--- EXERCISE MATERIAL ---
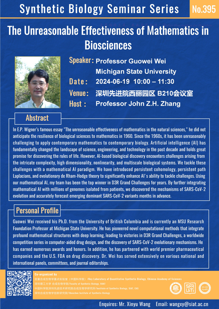 本次讲座邀请了 密歇根州立大学 Professor Guowei Wei 带来题为“The Unreasonable Effectiveness of Mathematics in Biosciences”的报告。
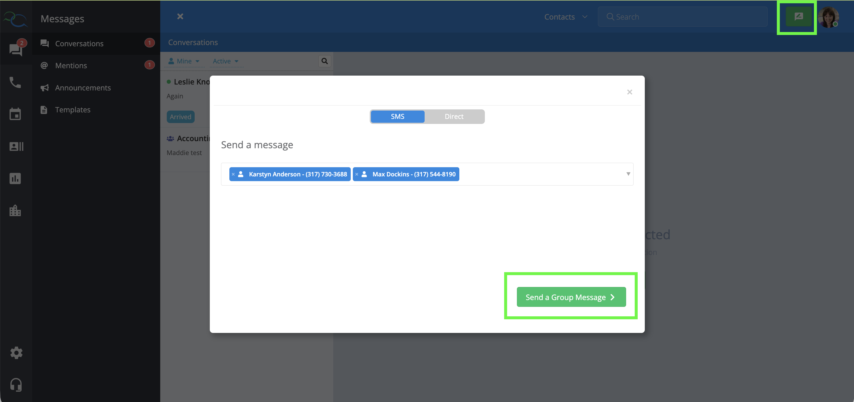 Let’s review how to send a group message from the green new message button. First navigate to the green new message button in the top right-hand corner of your screen. Ensure you are on the SMS option. The group message option will populate once you have selected more than one contact.
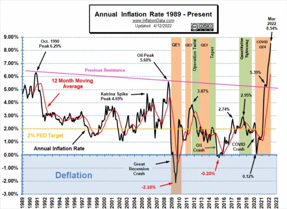 This second graph picks up where the chart above left off showing the beginning of the current round of inflation starting in 2020.
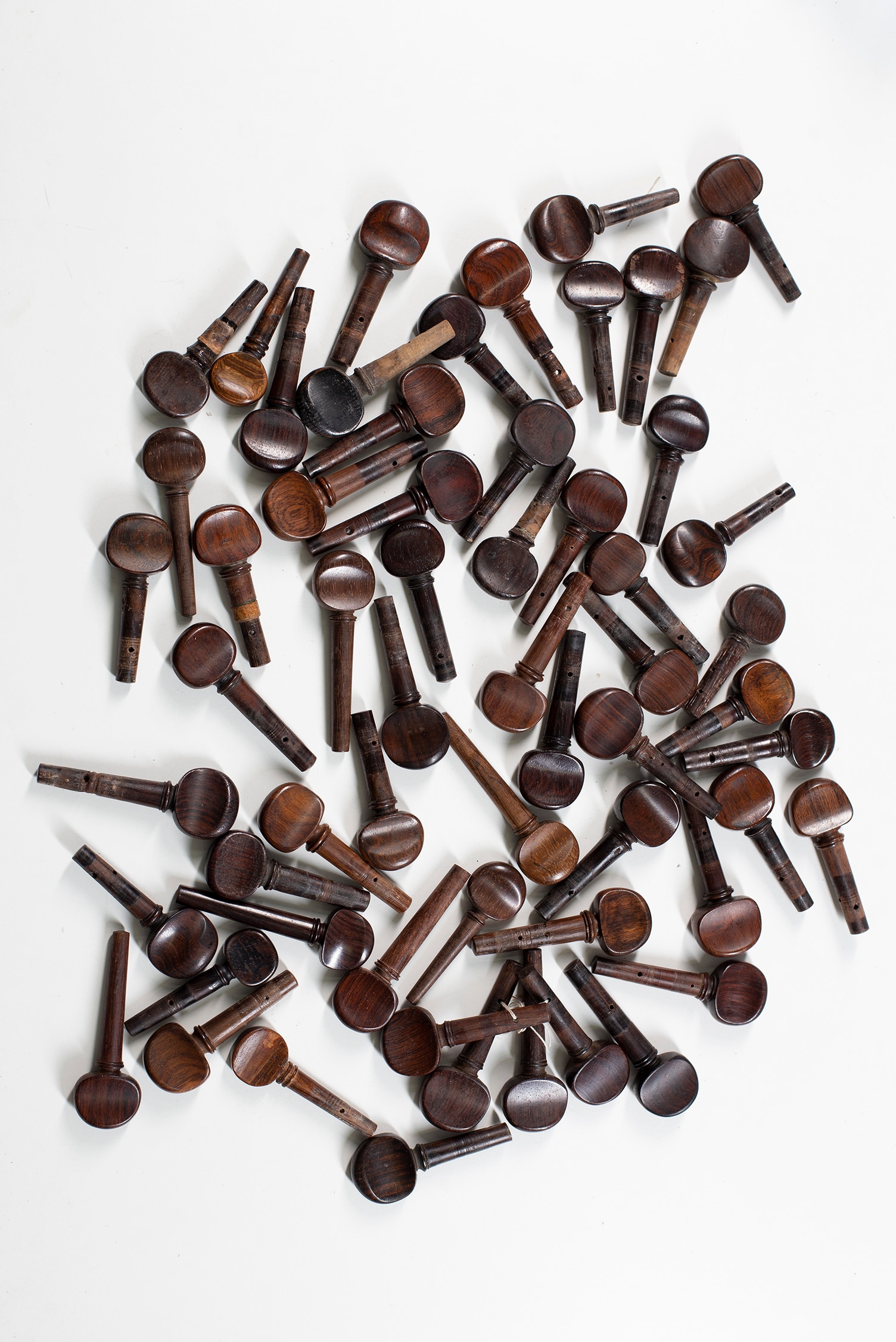 Sixty cello pegs, various sizes
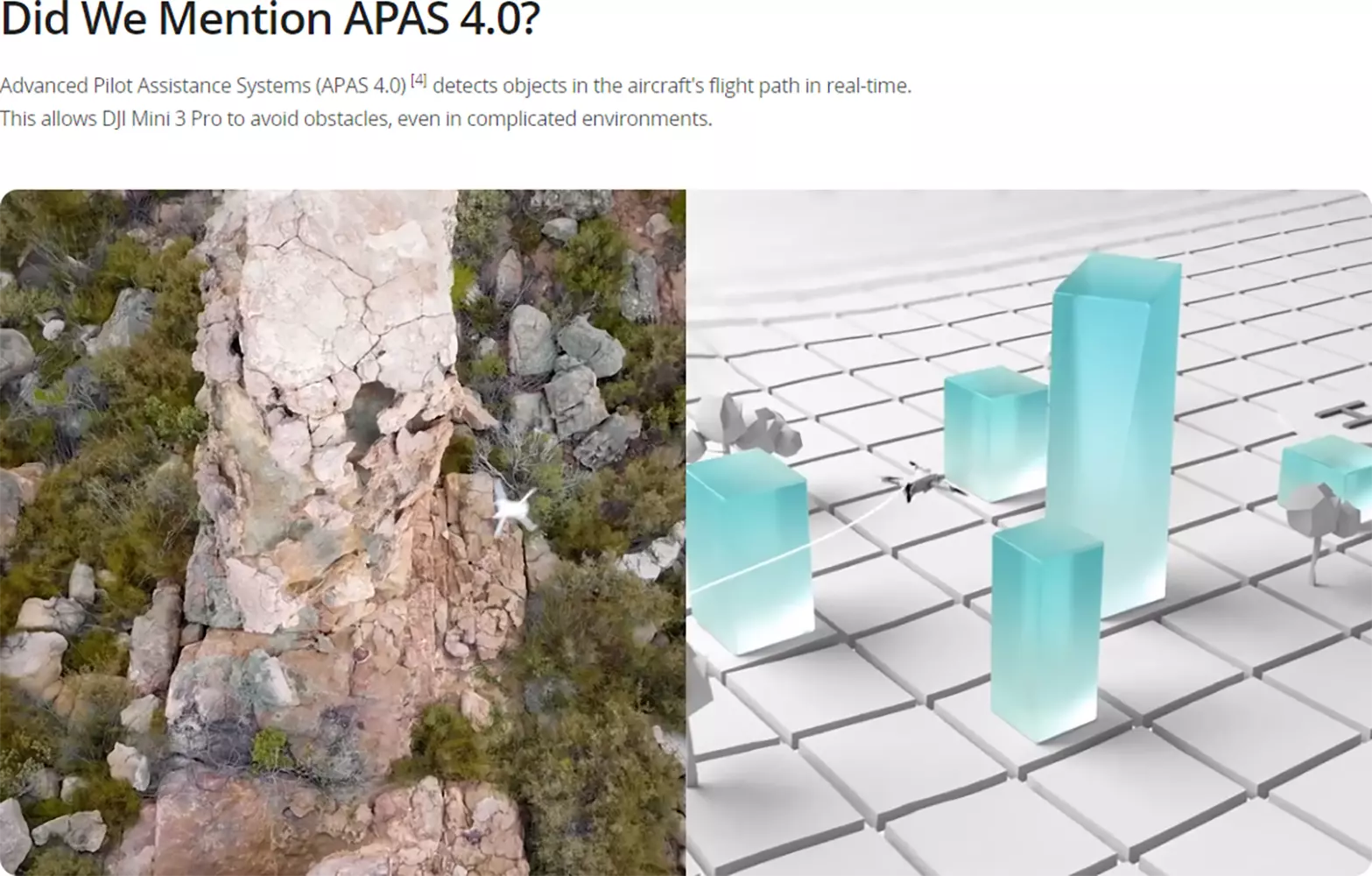 With forward, backward, and downward vision sensors, ToF, and APAS 4.0 [2], Mini 3 Pro can avoid obstacles, even in complicated environments.
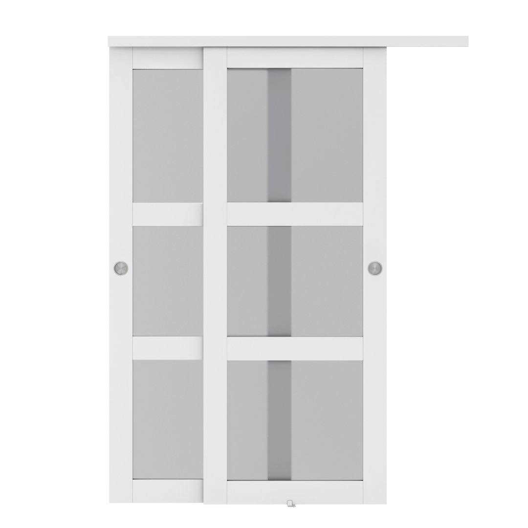 CALHOME 80 in. 3-Lite Frosted Tempered Glass Sliding Double Bypass Closet Doors with Installation Hardware Kit
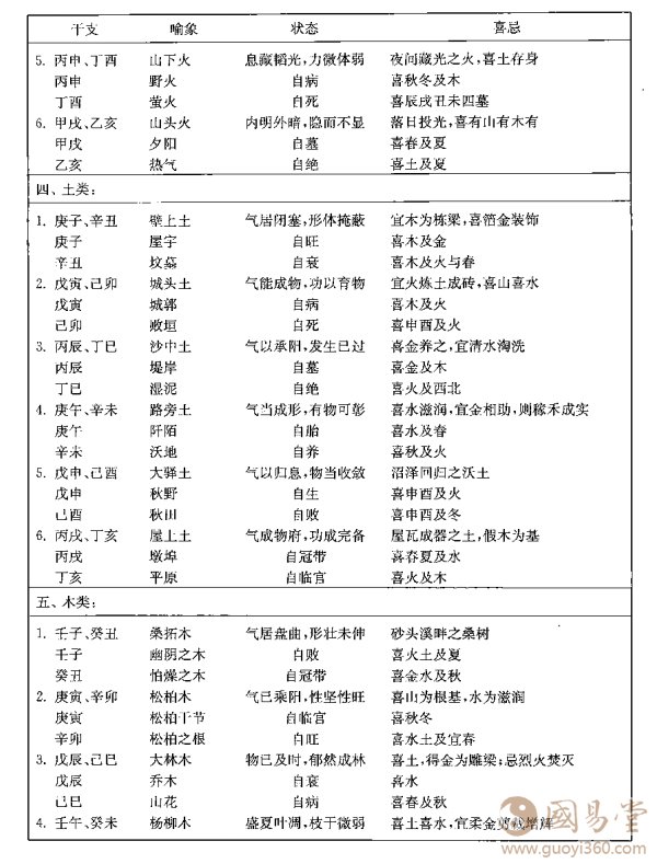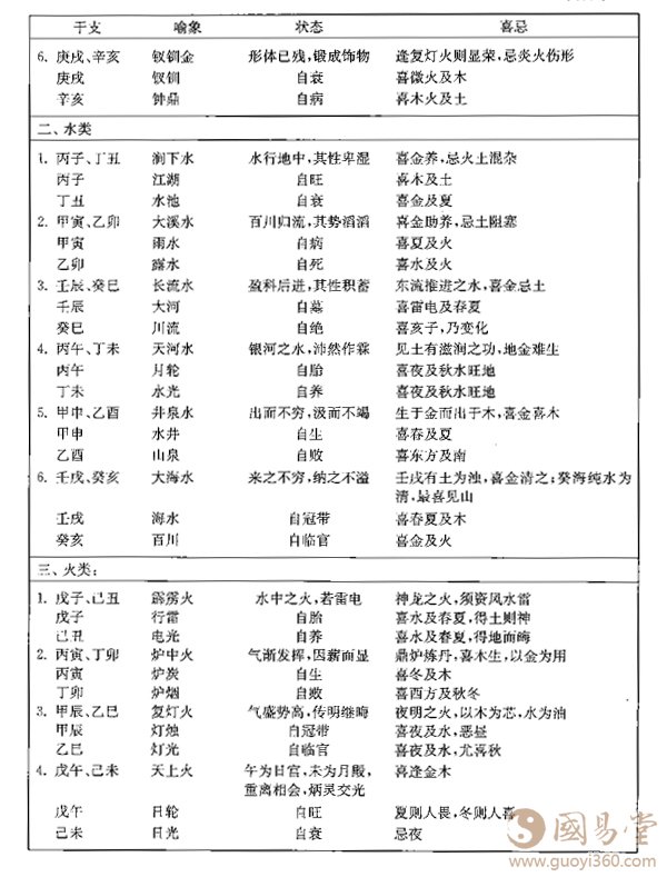 详此十有二位,先后甲子,可以次第而晓。比如,上面金类的六组于支,甲子、乙丑,取象海中之金,因为此时气在包藏,有名无形。壬寅、癸卯,绝地存金,气尚柔弱,称为金箔金。庚辰、辛巳,气已发生,寄形生养之乡,受西方之正色,故曰白蜡金。甲午.乙未,则气已成物,混于沙而别于沙,居于火而炼于火,故称沙中金。壬申、癸酉,气盛物极,成颖脱锋锐之刃,故取象剑锋,而金之功用极矣。至戌亥则金气藏伏,形体已残,锻炼首饰,藏之闺阁,而金之功用毕,故庚戌、辛亥,名之钗钏金.
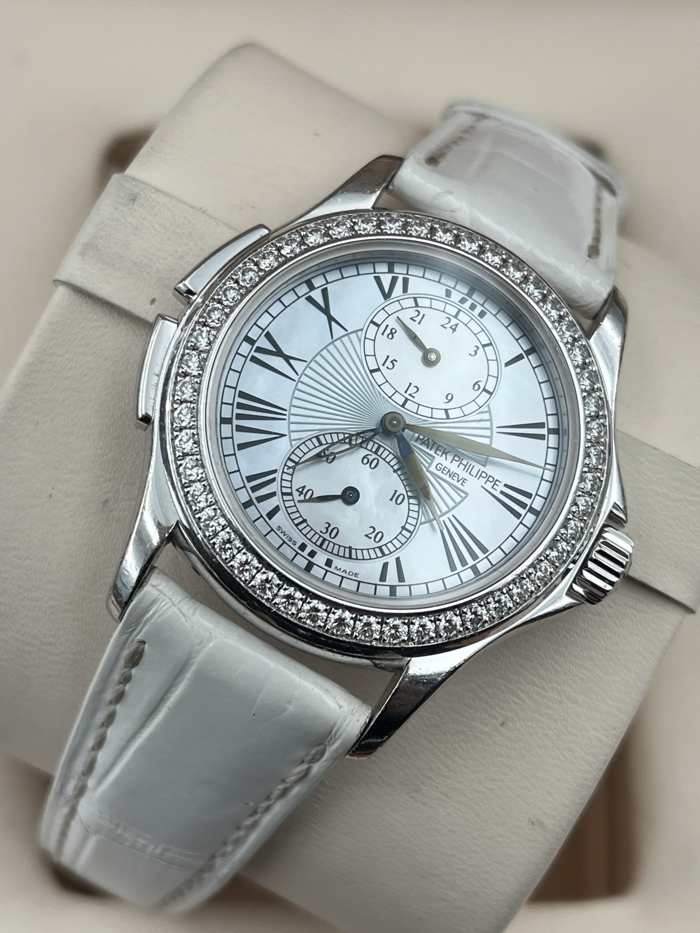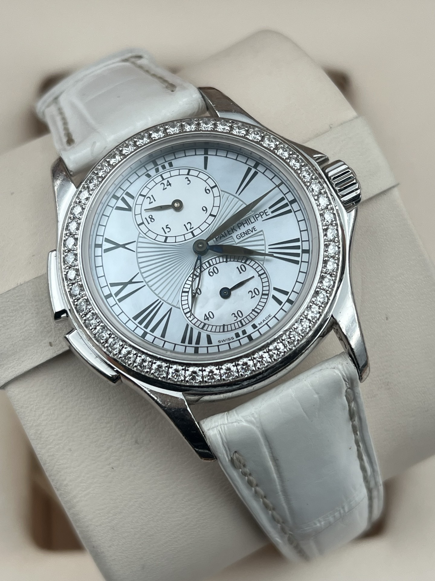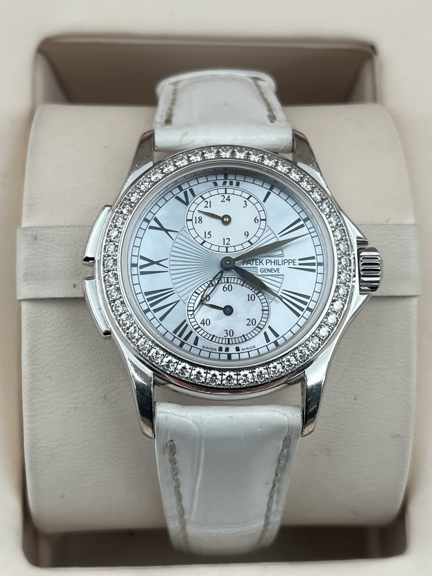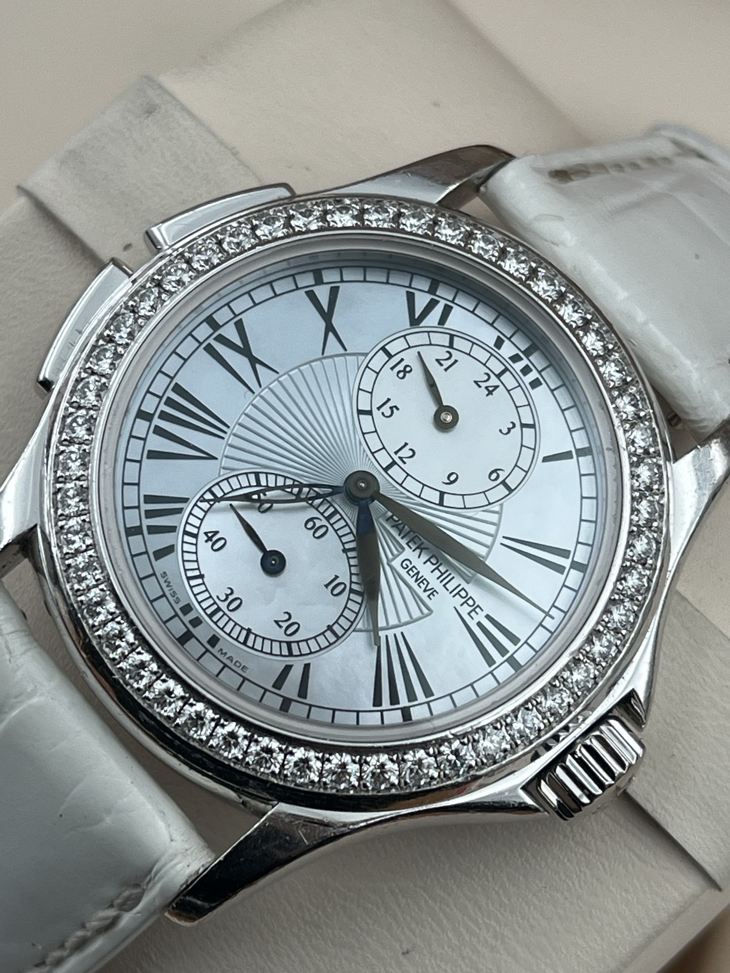 百达翡丽古典表系列4934G-001、女士手动机械腕表、表径:35mm、材质:18K白金/鳄鱼皮带、银白色珍珠贝母盘面、罗马数字刻度、双时区、背透、外圈原钻、全套附件(少盒子)、整表原始品相 新成色、原价280400
---
AIM OF THE EXERCISE
Above are the records; restate exactly the lines from the one containing "Let’s review how" through the one containing "CALHOME 80 in.", keeping pictures out.

SOLUTION TO THE PROBLEM
 Let’s review how to send a group message from the green new message button. First navigate to the green new message button in the top right-hand corner of your screen. Ensure you are on the SMS option. The group message option will populate once you have selected more than one contact.
 This second graph picks up where the chart above left off showing the beginning of the current round of inflation starting in 2020.
 Sixty cello pegs, various sizes
 With forward, backward, and downward vision sensors, ToF, and APAS 4.0 [2], Mini 3 Pro can avoid obstacles, even in complicated environments.
 CALHOME 80 in. 3-Lite Frosted Tempered Glass Sliding Double Bypass Closet Doors with Installation Hardware Kit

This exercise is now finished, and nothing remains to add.